# How did you choose your stables?



## PoptartShop (Jul 25, 2010)

Good questions!

For riding:
-Nice-sized arena, good trainer(s), nice-looking place, nice horses, people are nice, etc. & a reasonable price.
When I'm checking out a barn, in general...it must be in good condition, the horses are well-cared for, the people are nice, & the pricing has to be good.  Also, an indoor arena is a plus. & good trails, as I loveee to trailride on nice warm days! Get info about lesson times too of course lol.

For boarding/leasing:
Always make sure the horses are well-cared for (your horse is gonna be one of them!) & also sign an agreement/warranty of course. Ask a lot of questions about feed, the farrier, & the schedule of feeding, turnout, blanketing, etc.  Or if they use the combined system (which is half turnout half stables). Also if other people are going to be riding your horse (like for lessons). Good conditions (of pastures/fields, tack room, barn/stable, stalls, hay, etc.). You want the best for your horse, lol. Also a good price. & ask about when you can see your horse, like some barns have restrictions on when you can go to the barn (like late at night & such), etc. There's more but I'll add later.

You're definitely on the right track!!  It is very important when you're looking for a place to board your horse(s), the current horses are in good health & cared for properly. 

I think I covered most of it, that's my 2 cents! Prolly forgot some things, soo I'm gonna have to add more soon. LOL!


----------



## PG'sGal4ever (Sep 25, 2008)

This is the Barn I Ride at , I really love this place but I mainly choose it because It was very local only about 20 mins while other barns were atleast 45 mins.

http://www.mysticmeadows.net/

when I choose a barn

I look at there horses and make sure they look happy & healthy.
i look at where I would be keeping my tack and horses food
Where would we be riding? Is there an indoor?
Are the other boarders or lesson takers freindly?

And most importantly is the barn safe? I mean like no nails sticking out, wire laying around, fallen pasture boards etc

What are there methods of training or teaching styles for lessons!


----------



## TwendeHaraka (Oct 5, 2008)

In the end, it doesn't matter how nice the facilities were, but how much you learned at them.

This obviously isn't true at all for every place, but when I started taking lessons when I was eleven or so, we found a nice barn, but the instructor didn't know anything. We moved out to an old thoroughbred race horse barn. It was definitly not the nicest of sorts, but the instructor was and still is a natural.

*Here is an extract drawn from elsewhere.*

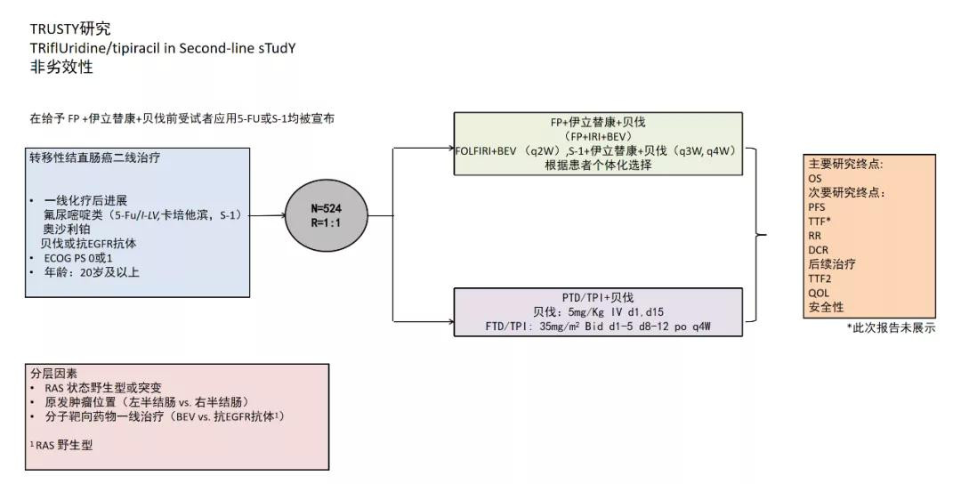 曲氟尿苷複方片 (Trifluridine/tipiracil, FTD/TPI) 聯合貝伐珠單抗(BEV)對比伊利替康+氟尿嘧啶聯合 BEV 二線治療 mCRC 的隨機 II/III 期研究:TRUSTY 研究結果

When I look at barns, I look at...
-How healthy the horses look and what sort of circumstances they're kept in,
-Trainer's knowledge,
-Safety things,
-And the trainer knowing how to handle people well.

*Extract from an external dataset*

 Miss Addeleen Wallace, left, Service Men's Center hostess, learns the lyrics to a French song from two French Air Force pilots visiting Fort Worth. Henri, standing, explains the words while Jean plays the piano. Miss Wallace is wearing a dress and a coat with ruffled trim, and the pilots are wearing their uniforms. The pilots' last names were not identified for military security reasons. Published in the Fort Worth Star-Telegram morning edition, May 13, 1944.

I've had bad experiences with barns, butthe one where I'm keeping my horse now I'm very happy with and fits all of the above.


----------



## SonnyWimps (Feb 22, 2008)

the main things I looked for was the proper care that I believed that my horse should have. I wanted pasture board, unlimited hay, and him to be with other horses.

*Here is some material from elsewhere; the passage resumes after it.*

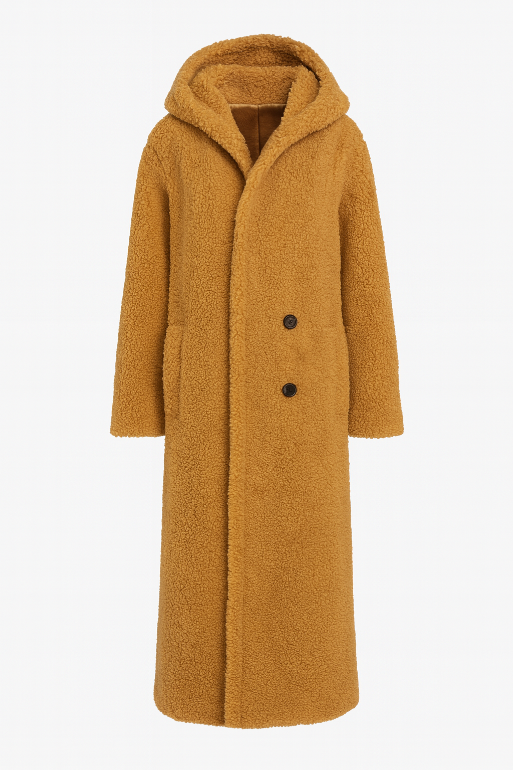 Damski Płaszcz z Futerkiem Teddy | Długi Fason z Kapturem | Ciepły i Stylowy na Zimę

I looked for how clean water buckets were, the pasture's...how the horse's looked, how clean the place was, the BOs knowledge, lessons, and how all the other boarders were


----------



## Solon (May 11, 2008)

It was the only place that would take a draft horse! Thankfully it turned out to be a great place to be.


----------



## farmpony84 (Apr 21, 2008)

....it's my backyard....

BUT - back when i did board... i wanted my horse to have turnout 24/7 with shelter. I wanted him to get fed twice a day and have plenty of hay. The place had to have an arena of some sort and beleive it or not, the place I was happiest, was someones house, not a fancy stables....


----------



## Chiefie (Oct 13, 2008)

For boarding, I unfortunately had to set myself a price limit, then choose the best facilities within that limit! I always look for good fencing (my horse is a klutz and will always find ways to injure himself), top class facilites (ie floodlit, fully equipped arenas), things like undercover washbays etc. Where I agist, my horse gets fed twice a day (my feed), rugged twice a day, put out to paddock on my paddocking days (3 days a week). For extra charges you can have them brought in, have your manure picked up for you (!!! no thanks lol) etc. What really got me with the place I am at now, is that everything was clean and tidy (as far as horses go), the stable block was new, airy, etc etc. 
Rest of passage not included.